# hash troubles



## specialbaker56 (May 29, 2013)

we made bubblehash for the first tim and it came out very crumbly. it doesnt have that hash tast. after researching all we can firgure now is we beat it to much using a concrete mixer off a drill. it was done with all trimmings. any suggestions for next time?


----------



## Hushpuppy (May 29, 2013)

It sounds like you may have let the trim dry too much. Whenever I plan to make bubble hash I take my trim as soon as I get it and freeze it in freezer bags so that the trichomes don't dry out. If you can't keep it in the freezer and you don't have time to use it right away, you can dry it and store it for several weeks then make dry ice hash using the same bags. It is almost the same process accept without water. It will make a dry crumble but if it isn't too old, it can be pressed together into lumps, or balls, or cakes. I bought a kief press and make little hash cookies with mine


----------



## The Hemp Goddess (May 29, 2013)

I am thinking that you mixed it too vigorously and have too much plant material.  I often use very dry trim to make bubble as I like to decarboxalate it and haven''t run into problems like you mention.  I don't know why, but the dry ice hash I make does not have the hashy taste that the bubble does.

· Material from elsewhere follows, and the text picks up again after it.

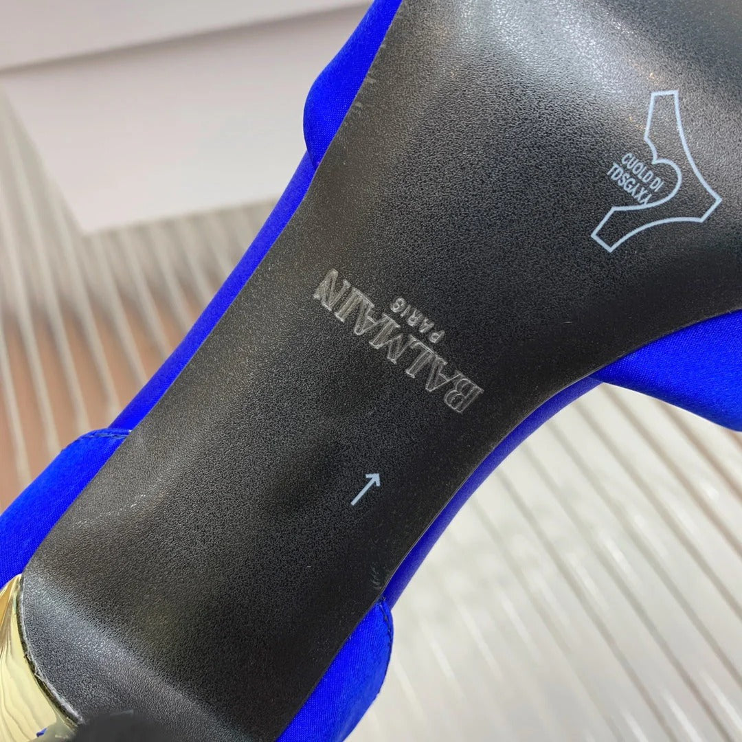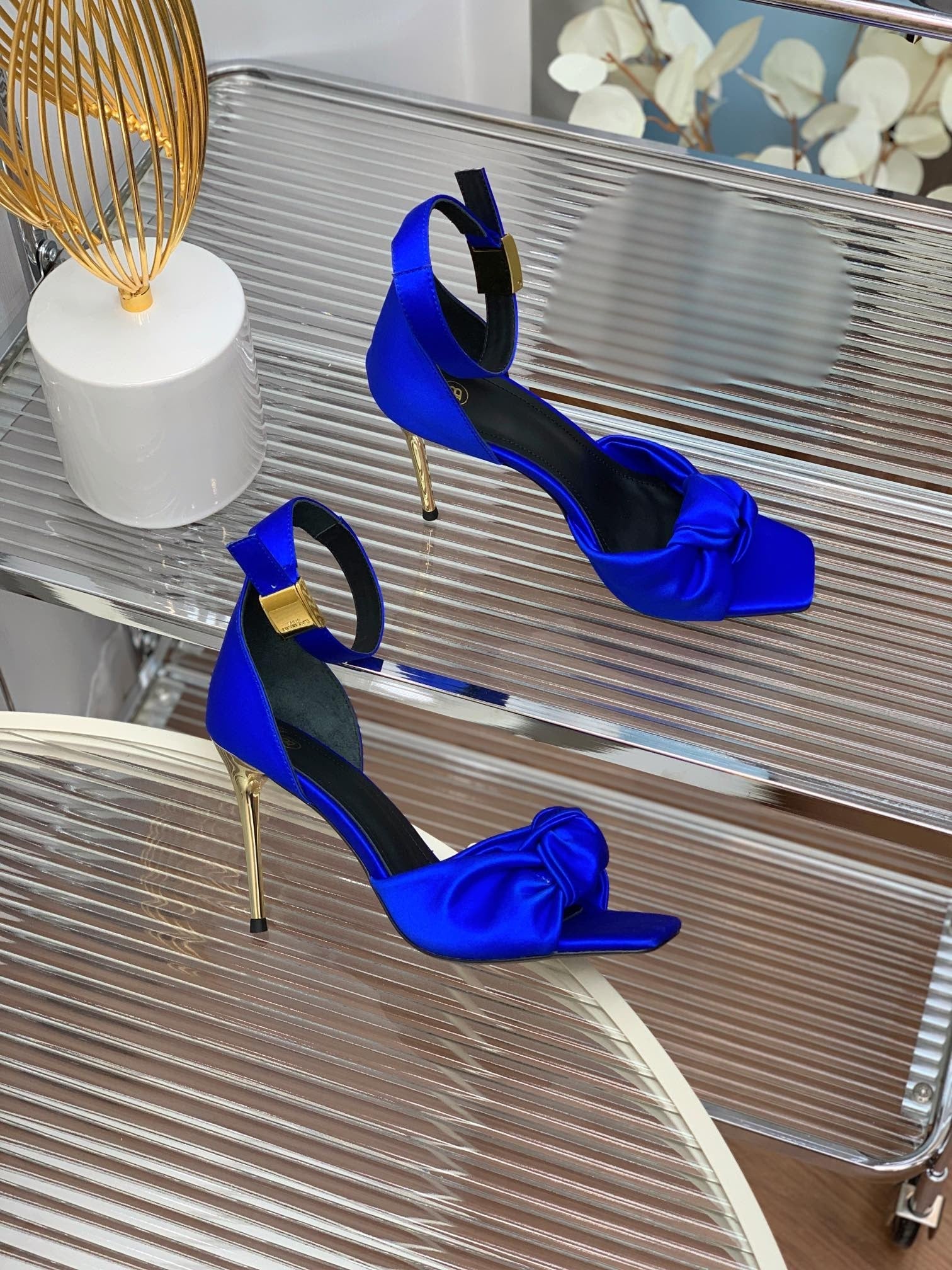 BALMAIN 25S KNOTTED HIGH HEELS 95MM IN DARK BLUE SATIN

What size (micron size) bags did you use?


----------



## specialbaker56 (May 29, 2013)

yeah we let it dry for a day an a half mabye we usualy cook with it but i froze them for a day before we made the hash.


----------



## Hushpuppy (May 30, 2013)

It mujst be that you beat it too hard or too much. I use 160micron bags for dry ice but for bubble I use 160 to hold material, 100 to hold the green, and 25 to hold the gold


----------



## Hushpuppy (May 30, 2013)

*THG:* The key to the quality of the dryice hash is to only shake it for the right length of time (the shorter the time, the purer the product) and to use plenty of medium size ice chunks


----------



## mistisrising (Jul 7, 2013)

specialbaker56 said:
			
		

> we made bubblehash for the first tim and it came out very crumbly. it doesnt have that hash tast. after researching all we can firgure now is we beat it to much using a concrete mixer off a drill. it was done with all trimmings. any suggestions for next time?


IME, you beat it too much. You want the ice to do the work, not the beater. 

I use all trimmings, and have had stuff that didn't want to stick. It happened when I ran too long in the washer. You should go easy, reverse directions, and don't agitate more than 10 minutes at a time. Some people I know go 5 minutes for a better quality.


----------



## Ruffy (Jul 7, 2013)

I let my trim go bone dry, the bubble bag and ice, snow whatever season it is.
then I use a drywall mud mixer, same as urs prob. then I mix for 5ish min then remix in 30 min, then drain & redo process, a little longer of a mix several times then its great, potent, smelly, tasty. ect


----------